Excerpts from a dataset
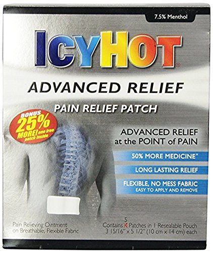 -. Feature : Icy Hot Advanced Medicated Pain Relief Patch 5 Patches per Box (9 Pack) / Advanced relief at the point of pain with 7.5% menthol / Long lasting relief with flexible, no-mess fabric that is easy to apply and remove / Pain relief ointment on breathable, flexible fabric
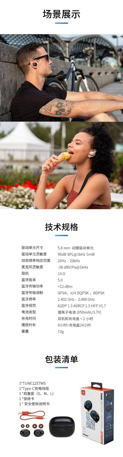 首页 > 信息化设备 > 耳机(耳麦) > JBL TUNE125TWS 真无线蓝牙耳机 入耳式音乐耳机 双路连接 苹果华为小米手机通用 T120TWS升级版 墨绿色 SKU:yzwhyp101754
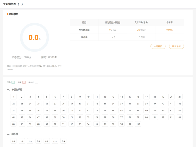 1.考試結(jié)束后,提交試卷,系統(tǒng)自動生成答案詳解和客觀題分?jǐn)?shù)
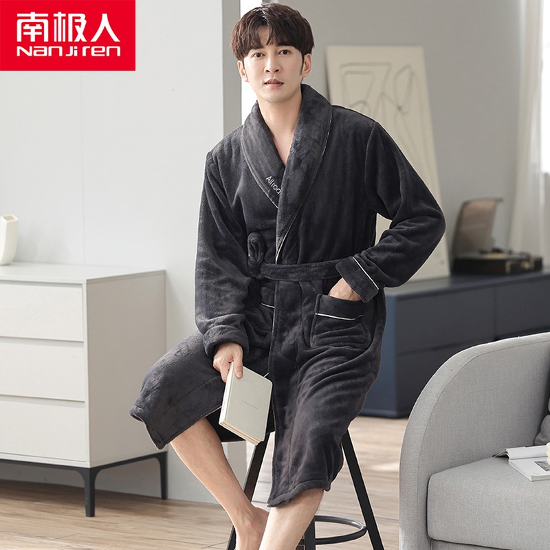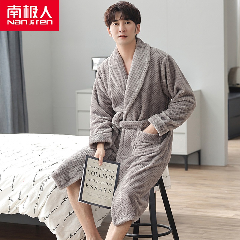 Sleeping robe men's winter coral suede thickened garnter warm autumn and winter style flange suede long version bathrobe pyjamas home clothes
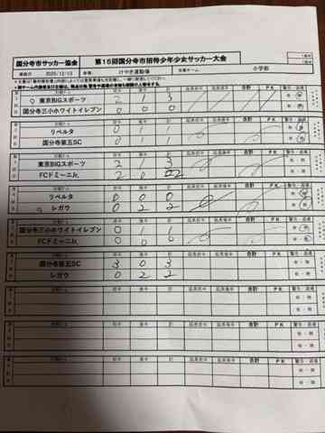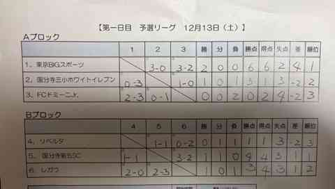 12月6日(土)第26回国分寺市2年生大会リーグ@けやき運動場のリーグ結果報告です。
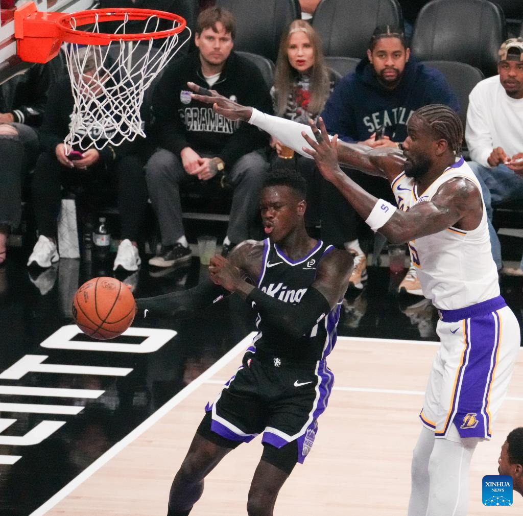 Jarred Vanderbilt (C) of Los Angeles Lakers competes during the 2025-2026 NBA regular season match between Sacramento Kings and Los Angeles Lakers in Sacramento, the United States, Oct. 26, 2025. (Photo by Sun Yuxuan/Xinhua)
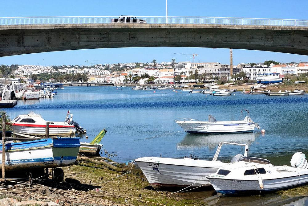 Le pont sur la rivière Gilao relie les deux parties de la ville portuaire de Tavira en Algarve, au Portugal.

What is expected:
The entries are to be written out again exactly, though without any images.

Exercise output:
 -. Feature : Icy Hot Advanced Medicated Pain Relief Patch 5 Patches per Box (9 Pack) / Advanced relief at the point of pain with 7.5% menthol / Long lasting relief with flexible, no-mess fabric that is easy to apply and remove / Pain relief ointment on breathable, flexible fabric
 首页 > 信息化设备 > 耳机(耳麦) > JBL TUNE125TWS 真无线蓝牙耳机 入耳式音乐耳机 双路连接 苹果华为小米手机通用 T120TWS升级版 墨绿色 SKU:yzwhyp101754
 1.考試結(jié)束后,提交試卷,系統(tǒng)自動生成答案詳解和客觀題分?jǐn)?shù)
 Sleeping robe men's winter coral suede thickened garnter warm autumn and winter style flange suede long version bathrobe pyjamas home clothes
 12月6日(土)第26回国分寺市2年生大会リーグ@けやき運動場のリーグ結果報告です。
 Jarred Vanderbilt (C) of Los Angeles Lakers competes during the 2025-2026 NBA regular season match between Sacramento Kings and Los Angeles Lakers in Sacramento, the United States, Oct. 26, 2025. (Photo by Sun Yuxuan/Xinhua)
 Le pont sur la rivière Gilao relie les deux parties de la ville portuaire de Tavira en Algarve, au Portugal.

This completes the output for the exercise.